Busy tax procedure day for SCOTUS. The Supreme Court has decided US v. Woods, issuing its opinion today, which can be found here. We previously covered the Woods issue here while oral argument was occurring. The Supreme Court found the lower court had jurisdiction to review the partner’s accuracy related penalty in the TEFRA proceeding, and the plain language of the statute applied it to basis misstatements. Jack Townsend’s Federal Tax Procedure Blog has some initial commentary, which can be found here. We may add some additional commentary in a separate post later.
Justice Scalia wrote the unanimous opinion, and the holding was as follows:
1. The District Court had jurisdiction to determine whether the partnerships’ lack of economic substance could justify imposing a valuation-misstatement penalty on the partners.
(a) Because a partnership does not pay federal income taxes, its taxable income and losses pass through to the partners. Under the Tax Equity and Fiscal Responsibility Act of 1982 (TEFRA), the IRS initiates partnership-related tax proceedings at the partnership level to adjust “partnership items,” i.e., items relevant to the partnership as a whole. 26 U. S. C. §§6221, 6231(a)(3). Once the adjustments become final, the IRS may undertake further proceedings at the partner level to make any resulting “computational adjustments” in the tax liability of the individual partners. §§6230(a)(1)–(2), (c), 6231(a)(6).
(b) Under TEFRA’s framework, a court in a partnership-level proceeding has jurisdiction to determine “the applicability of any penalty . . . which relates to an adjustment to a partnership item.” §6226(f). A determination that a partnership lacks economic substance is such an adjustment. TEFRA authorizes courts in partnership-level proceedings to provisionally determine the applicability of any penalty that could result from an adjustment to a partnership item, even though imposing the penalty requires a subsequent, partner-level proceeding. In that later proceeding, each partner may raise any reasons why the penalty may not be imposed on him specifically. Applying those principles here, the District Court had jurisdiction to determine the applicability of the valuation-misstatement penalty.
2. The valuation-misstatement penalty applies in this case.

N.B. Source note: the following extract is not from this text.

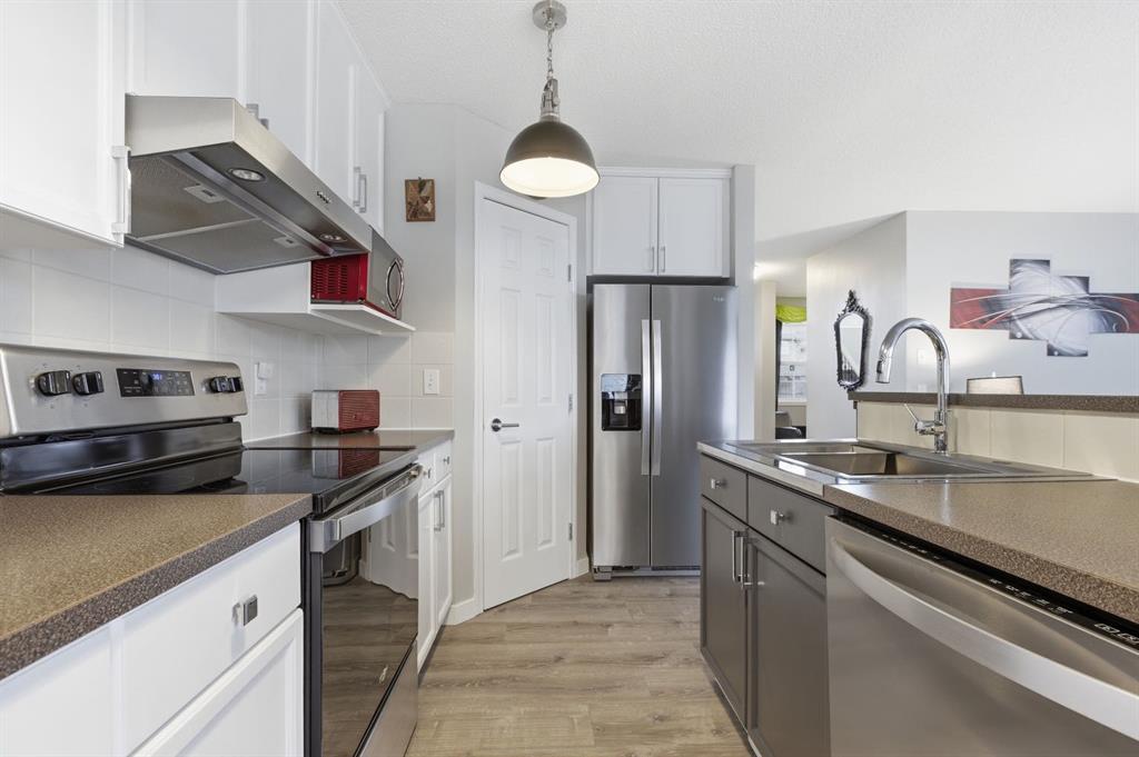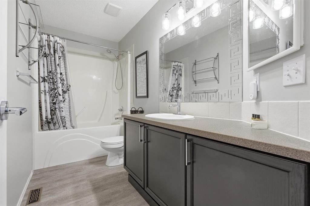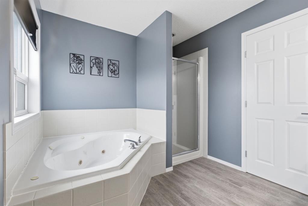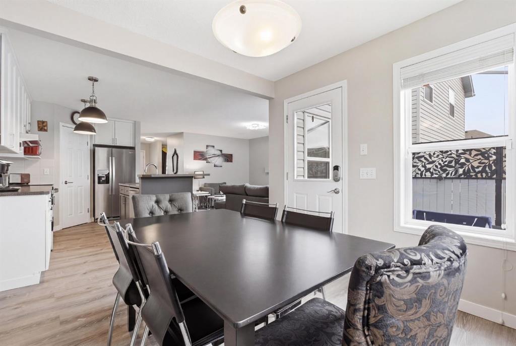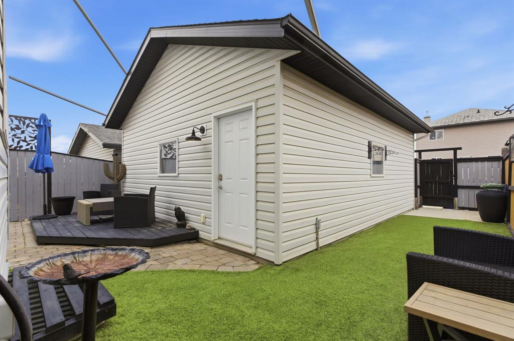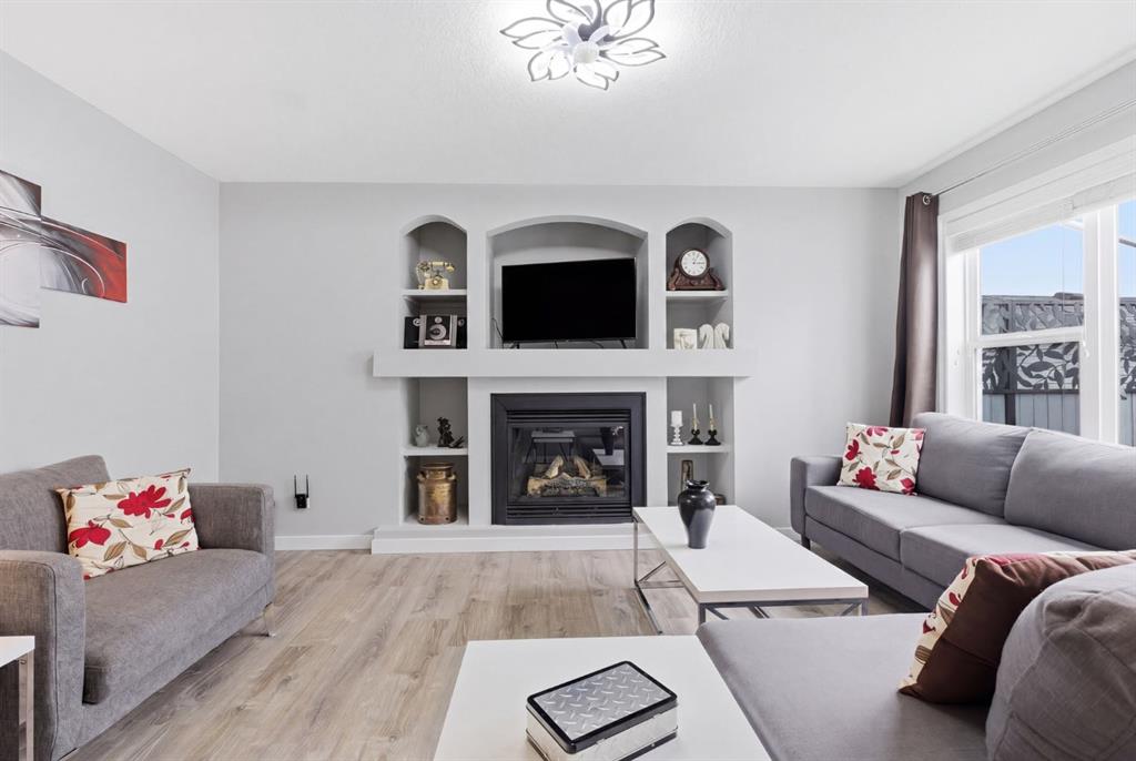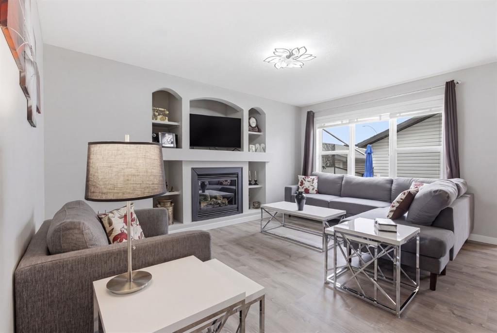 Live in the family friendly community of Cimarron. This cleverly laid out home is situated on a quiet street. As you approach you will appreciate the attractive curb appeal and inviting front porch. Throughout the home, pride of ownership is clear, with plenty of updates such as new vinyl plank flooring, new carpet, a new front door, stylish light fixtures, and an elegant railing. The kitchen is a focal point, boasting cabinets that reach to the ceiling, a tasteful tile backsplash, stainless-steel appliances, and a corner pantry for added storage. The large island seamlessly connects to the expansive living room, which features a gas fireplace with custom built in detail. Adjacent to the kitchen, the dining room is filled with natural light from numerous windows and provides direct access to your private backyard. This low maintenance yard has a large patio, artificial grass, a new fence and a double detached garage. The main floor is complete with a powder room tucked away as well as a front den, perfect for a home office, additional living room or kids’ playroom. Upstairs, you’ll find two generously sized bedrooms, a full 4-piece bathroom, and an expansive primary retreat. The primary suite is a true sanctuary, offering a large walk-in closet and a private ensuite with a luxurious jetted corner tub, separate shower and expansive vanity. The lower level is framed and prepped for easy future development. This home is ideally located within walking distance to schools, parks, pathways, shopping, and professional services. Schedule your private showing or view the virtual tour today.

(a) A penalty applies to the portion of any underpayment that is “attributable to” a “substantial” or “gross” “valuation misstatement, ”which exists where “the value of any property (or the adjusted basis of any property) claimed on any return of tax” exceeds by a specified percentage “the amount determined to be the correct amount of such valuation or adjusted basis (as the case may be).” §§6662(a), (b)(3), (e)(1)(A), (h). The penalty’s plain language makes it applicable here. Once the partnerships were deemed not to exist for tax purposes, no partner could legitimately claim a basis in his partnership interest greater than zero. Any underpayment resulting from use of a non-zero basis would therefore be “attributable to” the partner’s having claimed an “adjusted basis” in the partnerships that exceeded “the correct amount of such . . . adjusted basis.” §6662(e)(1)(A). And under the relevant Treasury Regulation, when an asset’s adjusted basis is zero, a valuation misstatement is automatically deemed gross.
(b) Woods’ contrary arguments are unpersuasive. The valuation misstatement penalty encompasses misstatements that rest on legal as well as factual errors, so it is applicable to misstatements that rest on the use of a sham partnership. And the partnerships’ lack of economic substance is not an independent ground separate from the misstatement of basis in this case.